In den vergangenen Jahren sind jedoch die Krankheitsmechanismen, die der trockenen AMD zugrunde liegen, immer besser verstanden worden. „Es sind mittlerweile mehrere Faktoren bekannt, die an dem komplexen Degenerationsprozess in der Netzhaut mitwirken“, sagt Holz. Hierzu zählt die übermäßige Aktivierung des so genannten Komplementsystems als Bestandteil der Immunabwehr, die die alternde, sehr stoffwechselaktive Makula mit den chronischen Ablagerungen attackiert. Ein neues Therapiekonzept basiert nun darauf, die Aktivität des Komplementsystems zu hemmen. Zwei der neuen, als Komplementinhibitoren bezeichneten Wirkstoffe haben in Phase 2- bzw. Phase 3-Studien bereits vielversprechende Ergebnisse erzielt. „Die Ausbreitung der Netzhautschäden konnte mit ihrer Hilfe verlangsamt werden“, berichtet Holz. „Einmal untergegangene Sehzellen lassen sich so jedoch nicht regenerieren“, dämpft der DOG-Experte mögliche Erwartungen. Eine Sehverbesserung sei daher nicht zu erzielen.
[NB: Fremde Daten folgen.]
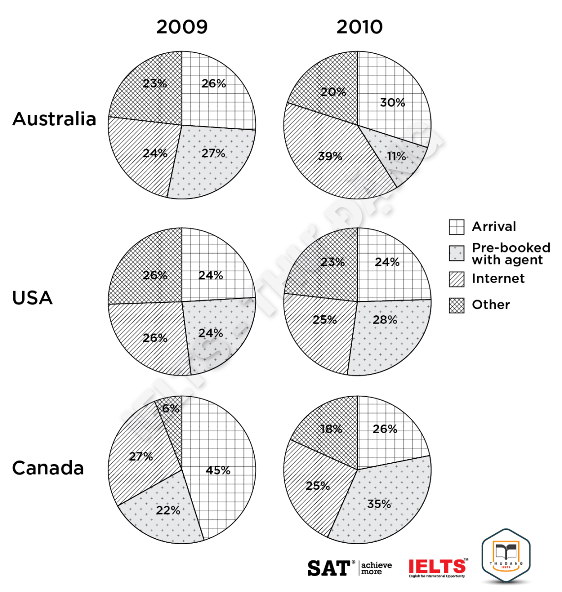 Task 1: The pie charts below show the methods used by international students when booking the online English courses in three different countries in 2009 and 2010. Summarise the information by selecting and reporting the main features, and make comparisons where relevant.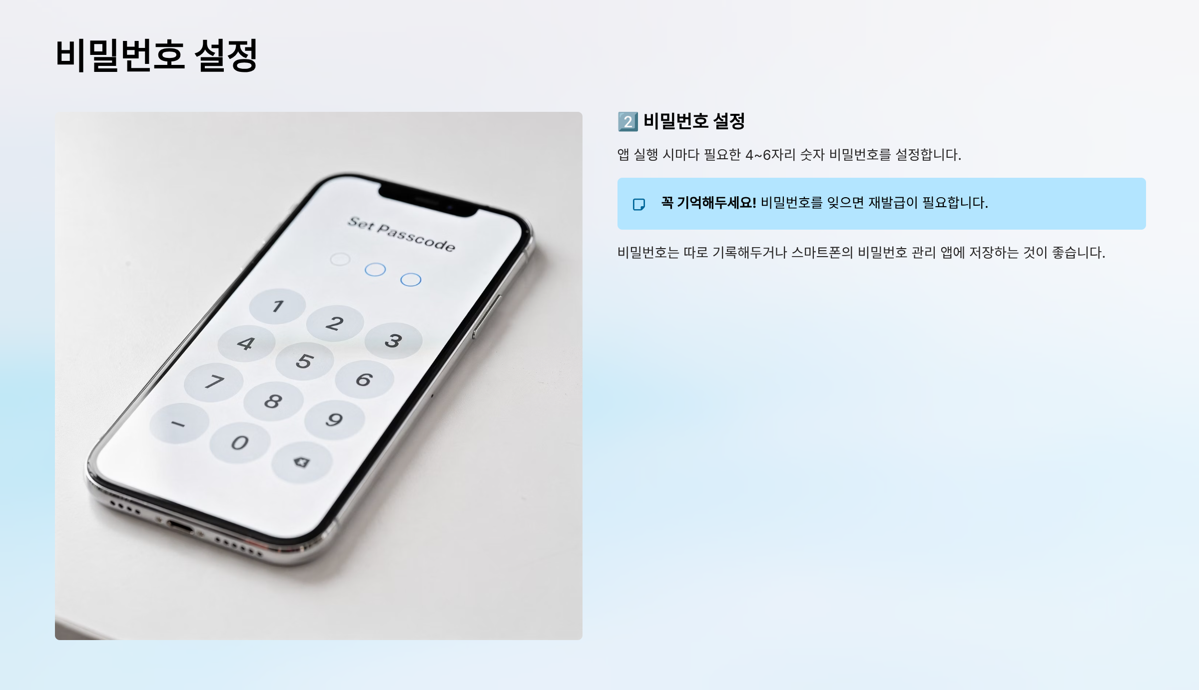 - 4~6자리 숫자 (앱 실행 시마다 필요)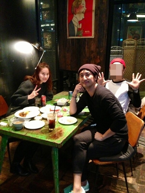 사진 속 신현준은 유인영, 지인으로 보이는 또 다른 일행과 함께 테이블에 앉아 포즈를 취하고 있다. 세 사람의 자연스럽고 화기애애한 분위기가 눈길을 끈다.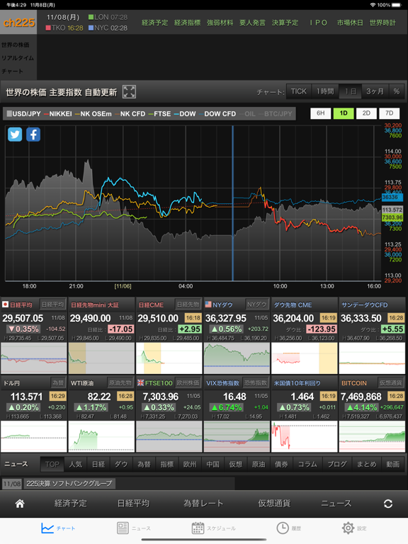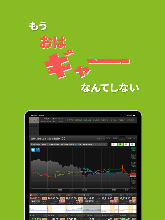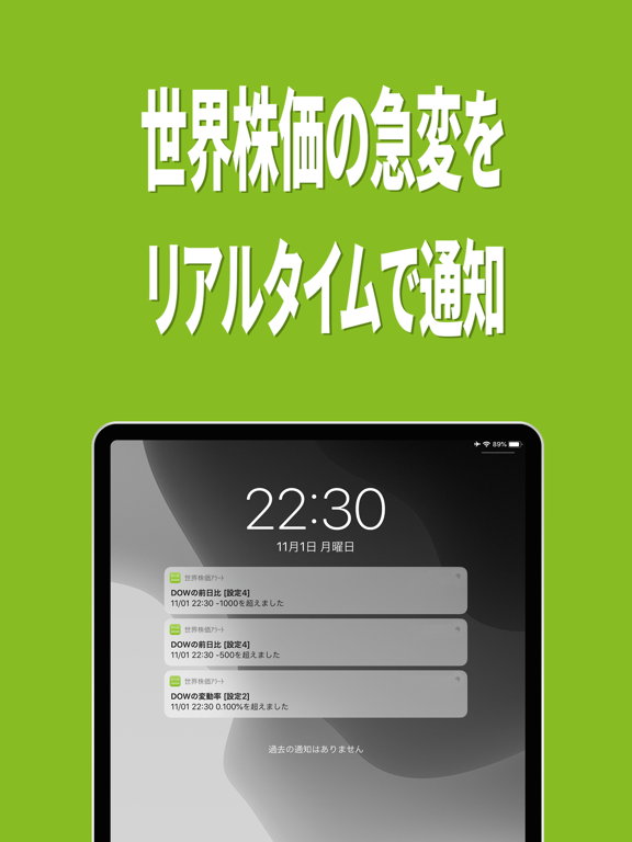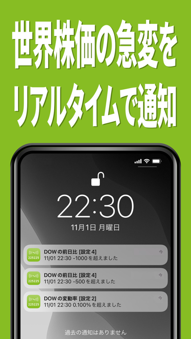 頻繁な相場チェックが不要になる!世界の株価の暴落や急騰をプッシュ通知するアプリです! 無料でリアルタイムに日経平均株価、日経平均先物、NYダウ、為替ドル円、原油価格、仮想通貨ビットコイン等の重要指数を確認することが出来、大きな変動が発生した時にはプッシュ通知でお知らせします。 このアプリをインストールしておけば「海外の相場の急変に気付かかった( ノД`)」なんてことが激減します。 ・日経平均株価の前日比100円で設定をすると 前日比が・・・-300円 -200円 -100円 +100円 +200円 +300円 ・・・を超えた時に通知をします。 ・大きな変動だけアラームが欲しい場合には設定画面で前日比200円に変更すれば 前日比が・・・-400円 -200円 +200円 +400円・・・を超えた時に通知をします。 為替ドル円の場合には直近10分間での変動率を通知し、相場の急変をいち早く察知することが出来ます。 ※アプリをインストールする際に必ず通知設定を許可するようにして下さい。 ■アラート対応指数 ・日経平均先物・日経平均株価・NYダウ・NASDAQ・FTSE100・上海総合・米国債10年利回り・ドル円・ユーロ円・ユーロドル・豪ドル円・ポンド円・WTI原油先物・金先物・ビットコイン円・イーサリアム円・VIX恐怖指数・日経平均CFD・NYダウCFD 2.5.1 ・設定画面のスマホ版に、旧スマホ版表示への切り替えを追加しました。 2.5.0 ・ランドスケープモード時の画面サイズを修正しました。 2.4.9 ・軽微な修正 2.4.8 ・チャートタブでSlideOver時メニューバーが表示されないことがあったのを修正 2.4.7 ・ユーロ円の変動率の初期設定と低頻度設定をOFFに変更しました ・その他軽微な修正 2.4.6 ・メニューバーの表示を修正しました。 2.4.5 ・ダークモード時のタブバーの表示を修正しました。 ・その他軽微な修正 2.4.4 ・経済指標アラームの設定をアラート設定に移動しました。 ・経済指標アラームの重要度が5段階に変更になりました。 ・米国債10年利回り、WTI原油先物、金先物、ビットコイン円、イーサリアム円の通知される変動率を変更しました。 ・その他軽微な修正 2.4.3 ・変動率%の通知と設定に表示上の誤りがありました。 実際の変動率の1/4の表示となっていた為、 正しい4倍の数値に変更しました。 表示上の修正であり通知頻度は今までと変わりません。 ・その他軽微な修正 2.4.2 ・履歴画面の動作を改善しました 2.4.1 ・NASDAQ、マザーズの変動率の初期設定と低頻度設定1をそれぞれ0.150%->0.250%、0.250%->OFFに変更しました ・履歴画面の動作を改善しました ・設定画面にバージョン履歴の追加しました ・iPad版不具合の修正 2.4.0 ・アラート設定の通知頻度設定タイプを追加 ・その他軽微な修正 2.3.0 ・変動率の+ー表示に対応しました。 ・履歴画面の表示を改善しました。 ・その他軽微な修正 2.2.0 ・日経CFD(日経比)、NYダウCFD(DOW比)、マザーズ、NASDAQ、米国債10年利回、金先物、イーサリアム円、豪ドル円、ポンド円、のプッシュ通知追加 ・その他軽微な修正 2.1.1 ・マルチタスク対応 ・ニュース欄のリンク不具合修正しました ・その他軽微な修正 2.1.0 ・履歴画面、通知からチャートページと経済指標ページへの遷移追加 ・通知に設定しているレベルを追加 ・履歴画面に経済指標の履歴を追加 ・その他軽微な修正 2.0.0 ・日経平均先物、VIX恐怖指数、ユーロ円、ユーロドルのアラート通知に対応しました。 ・アラート設定を3段階から4段階に増やしました。 ・横向きでフルスクリーンチャートを表示するランドスケープモードを追加しました。 ・チャート表示にPC版(nikkei225jp.com)表示を追加しました ・アラート通知の登録処理修正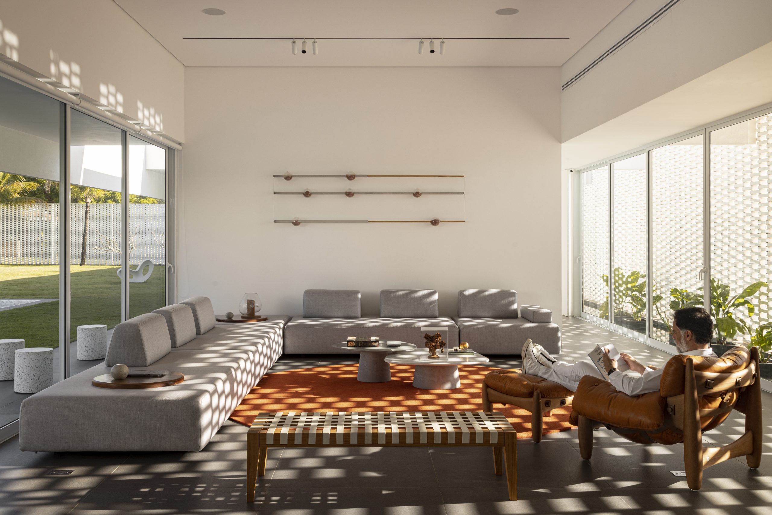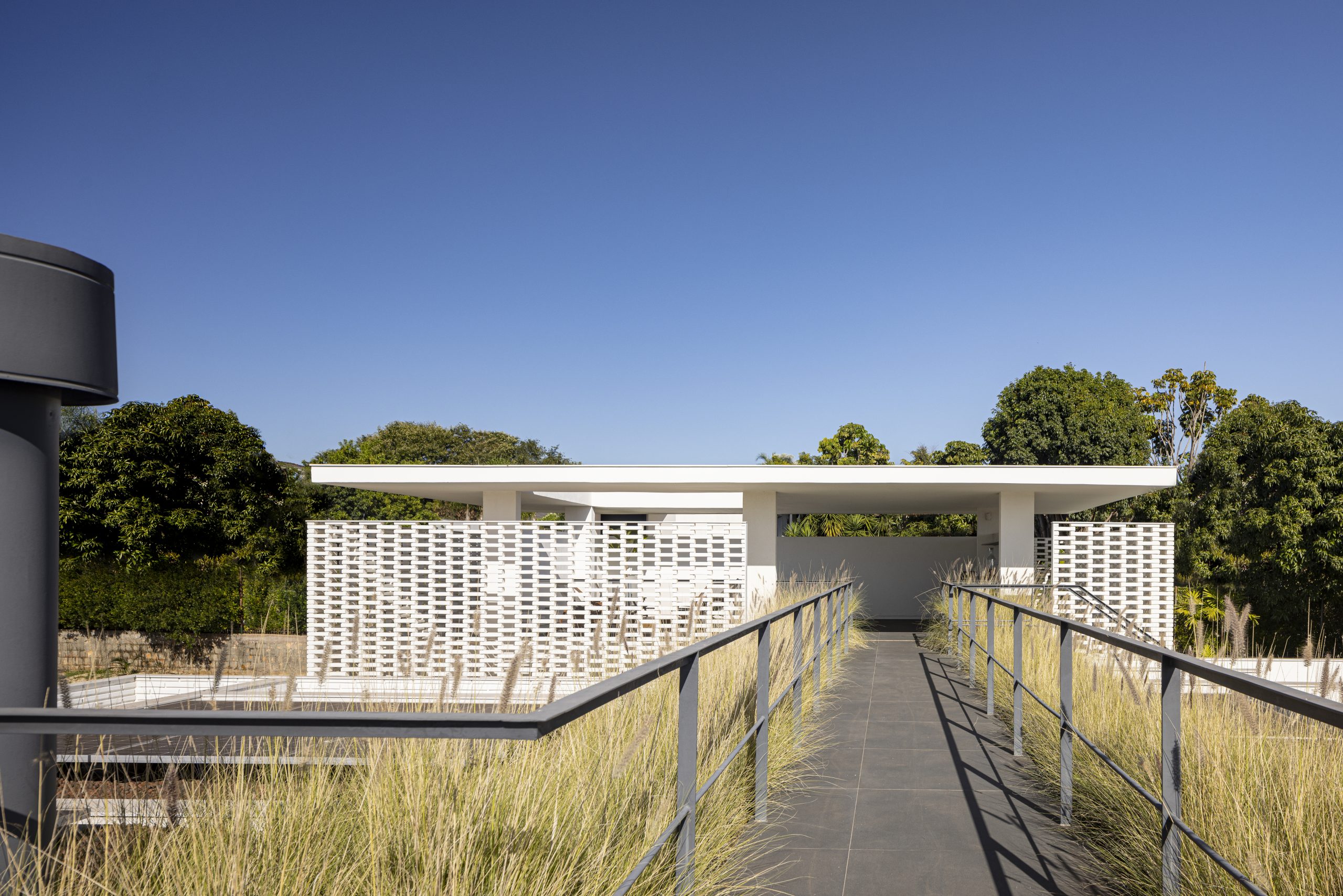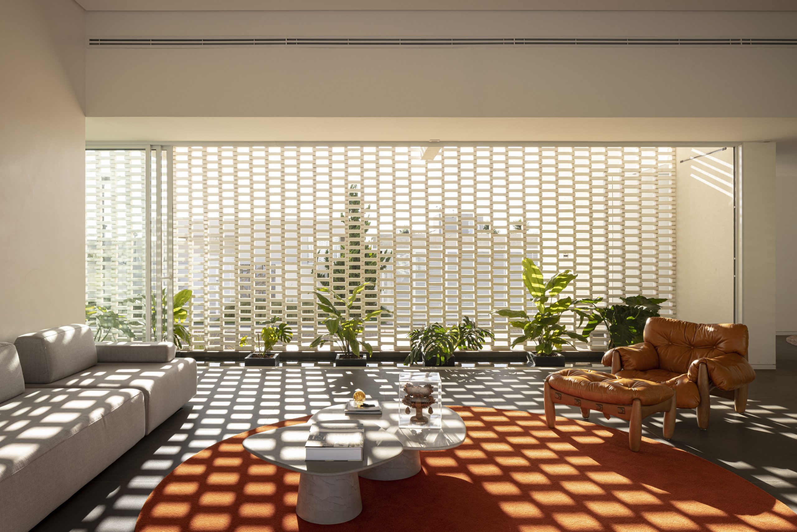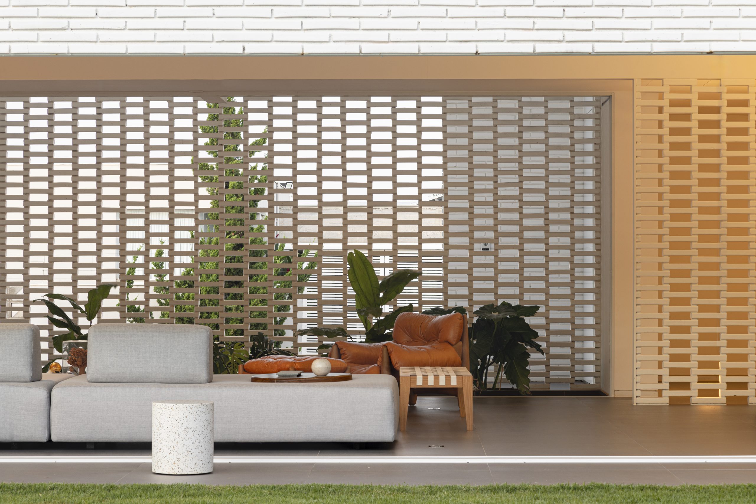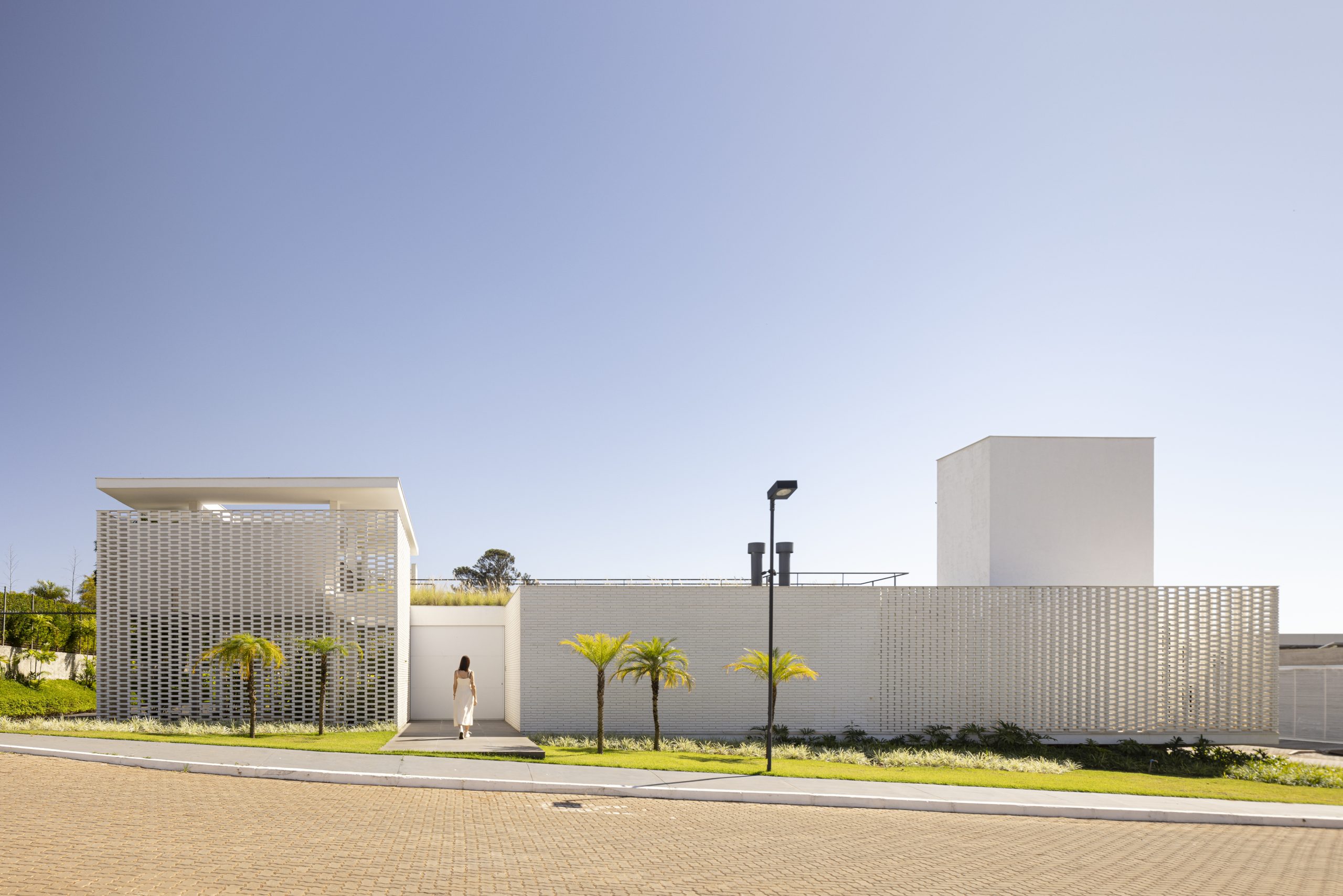 Construida en un complejo residencial en la región del Lago Sul de Brasilia, el programa de la Casa de Ladrillo Blanco se distribuyó alrededor del perímetro del terreno para que todas las estancias principales de la casa pudieran dar hacia el área central, con una amplia zona verde y una piscina semiolímpica. De esta manera, los dormitorios, salas de estar, balcones, cocina e incluso el garaje se orientaron hacia la amplia zona ajardinada, que funciona como patio central. Las fachadas están revestidas con una capa exterior de ladrillos macizos pintados de blanco. Sus diferentes grados de apertura se deben a la separación variable entre los ladrillos. El nivel de visibilidad a través de los ladrillos refleja los diferentes niveles de privacidad deseados para cada espacio interior. La disposición de huecos entre los ladrillos también permite la ventilación cruzada natural. Se trata, por lo tanto, de una «segunda fachada» que controla la luz solar directa y la privacidad deseada. Los ladrillos tienen tamaños alargados, fuera del estándar del mercado, encargados específicamente para este proyecto.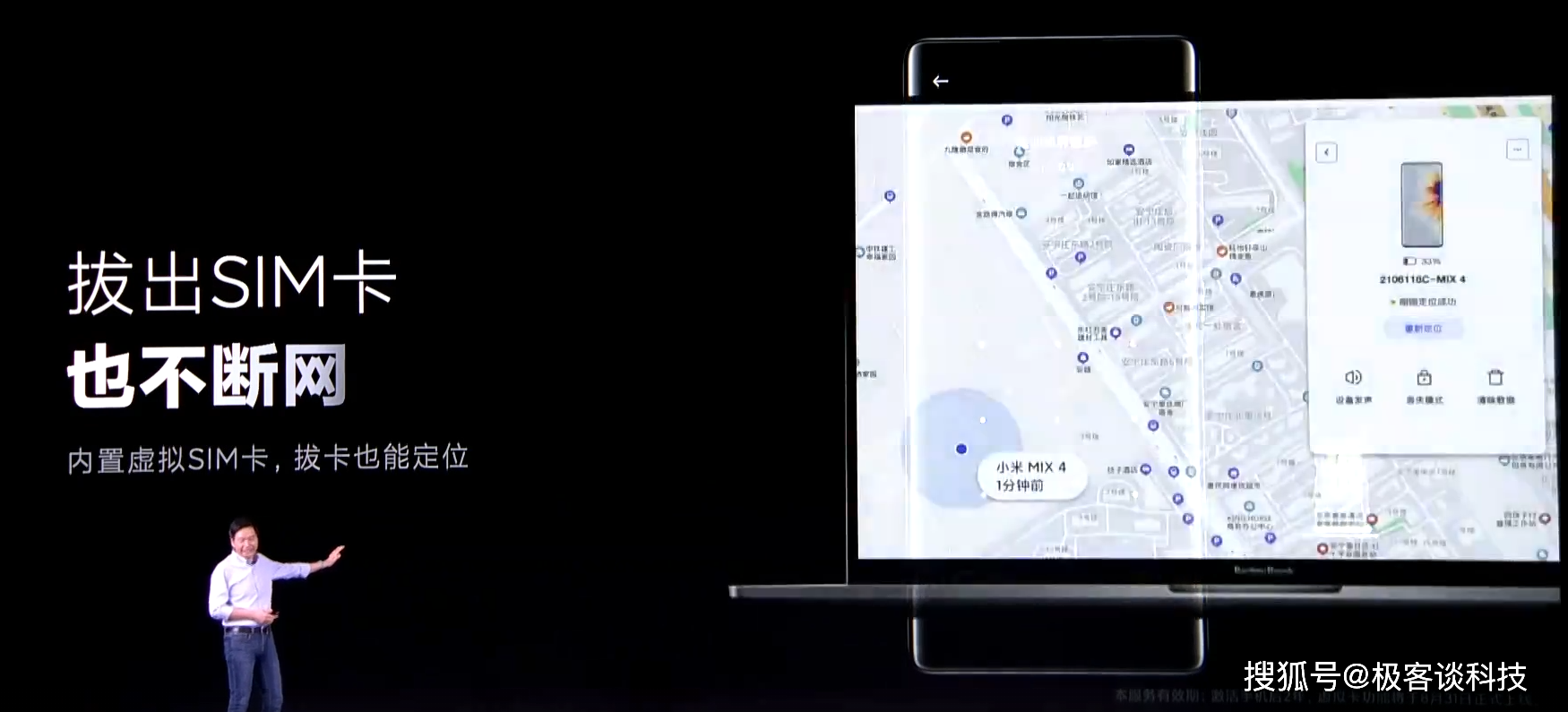 小米MIX4发布会上,雷军详细介绍了该款手机的防丢服务。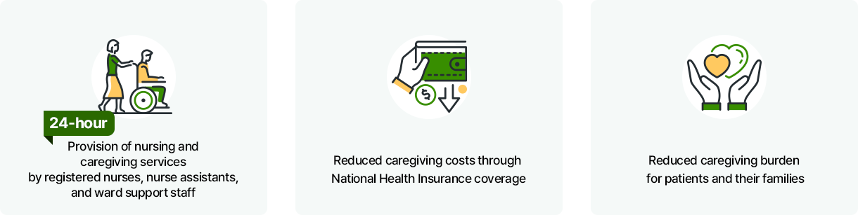 The Integrated Nursing Care Service provides 24-hour high-quality inpatient nursing care by dedicated nursing staff, without the need for privately hired caregivers or family guardians to stay with the patient.

Die neuen Wirkstoffe wurden im Rahmen der klinischen Studien entweder monatlich oder einmal alle zwei Monate ins Auge gespritzt. Um diese aufwändige Behandlung zu vereinfachen, wird derzeit auch an gentherapeutischen Ansätzen zur Drosselung des Komplementsystems geforscht. „Therapeutische Nukleinsäuren können in einem einmaligen mikrochirurgischen Eingriff in das Auge eingebracht werden“, sagt Holz. Ein entsprechender Wirkstoff befindet sich ebenfalls bereits in der Phase 2 der klinischen Erprobung.
Die Zulassung eines ersten Komplementinhibitors ist im kommenden Jahr möglich. Wenn diese Hürde genommen sei, so Holz, könne in einem nächsten Schritt auch die Anwendung in früheren AMD-Stadien geprüft werden – möglicherweise lasse sich so das Voranschreiten der Erkrankung noch vor den ersten Sehverlusten verhindern.
Als typische Alterserkrankung zählt die AMD zu denjenigen Krankheiten, deren Häufigkeit mit dem demographischen Wandel deutlich zunimmt. Im Verlauf der Erkrankung gehen die Sehzellen in der Mitte der Augennetzhaut nach und nach zugrunde. Betroffen ist dabei hauptsächlich die so genannte Makula, der Bereich des schärfsten Sehens. Patientinnen und Patienten mit AMD sind daher immer weniger dazu in der Lage, beispielsweise Gesichter zu erkennen oder zu lesen.
DOG: Forschung – Lehre – Krankenversorgung
Die DOG ist die medizinisch-wissenschaftliche Fachgesellschaft für Augenheilkunde in Deutschland. Sie vereint unter ihrem Dach mehr als 8.000 Mitglieder, die augenheilkundlich forschen, lehren und behandeln. Wesentliches Anliegen der DOG ist es, die Forschung in der Augenheilkunde zu fördern: Sie unterstützt wissenschaftliche Projekte und Studien, veranstaltet Kongresse und gibt wissenschaftliche Fachzeitschriften heraus. Darüber hinaus setzt sich die DOG für den wissenschaftlichen Nachwuchs in der Augenheilkunde ein, indem sie zum Beispiel Stipendien vor allem für junge Forscherinnen und Forscher vergibt. Gegründet im Jahr 1857 in Heidelberg ist die DOG die älteste augenärztliche Fachgesellschaft der Welt und die älteste fachärztliche Gesellschaft Deutschlands.